In 25 years, the number of sub-Saharan African children enrolled in school has grown from a scant 50 percent to nearly 78 percent. In South Asia, primary school enrollment jumped from 75 percent to 94 percent over the same period.[4] Policy makers understand the role education plays in advancing students and pursuantly, entire nations.

Unfortunately, quantity does not ensure quality. Despite making “…substantial progress around the globe in sending people to school, … a large number of people who have gone to school haven’t learned anything.” says Eric Hanushek, expert on the economics of education at Stanford University.[5]

In the same way that this generation of the majority leapfrogged landlines for cell phones, a parallel action should take place with technology in education and inverted classes. Students will increasingly benefit from a technology-rich education in smaller class sizes taught by teachers who truly care about the whole well-being of their students. A mission-minded school plant done well will ensure that students’ whole being is nurtured; everything from academic achievement to character formation, specialized activities to after-care needs, even standing in the gaps missing from their home lives.

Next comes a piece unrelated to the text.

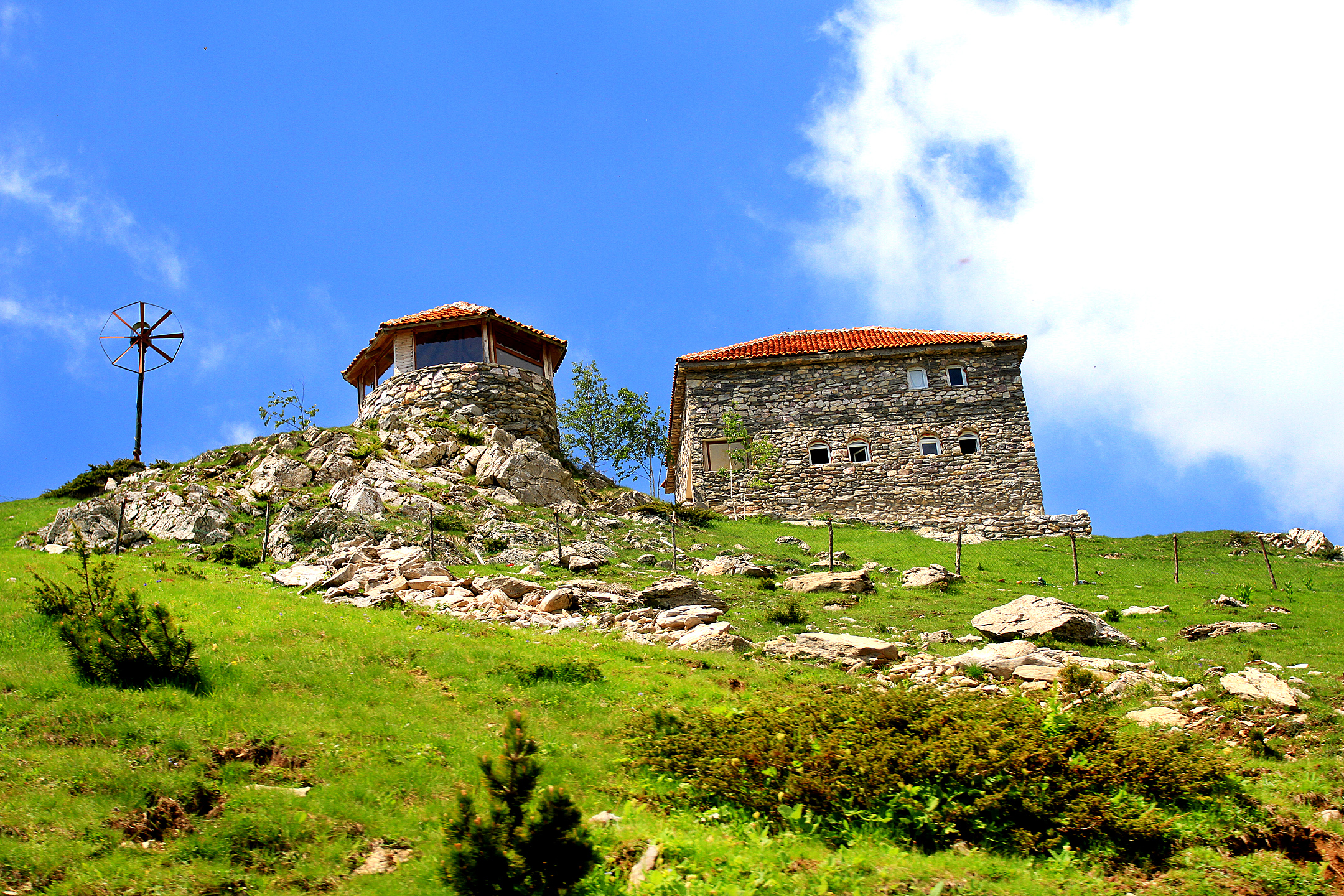 The kullas build in Dukagjini style

Stepping into the growing vacuum of the educational arena, the Church has a chance to galvanize the re-establishment of positive social influence. Scaling operations to a local level by subsidizing a charter school, championing effective and redemptive models of education already in place or planting a school that offers the best education possible, will open doors to a vast frontier of missional opportunity. Drive by a local public school or do the research on the ratings of schools in your area, and the need will quickly become apparent.

As for the role Christianity has played in the history of western civilization, James Davison Hunter, a leading figure in the study of evangelicalism and cultural change, presents some compelling ideas about the importance of schools in Christian missiology.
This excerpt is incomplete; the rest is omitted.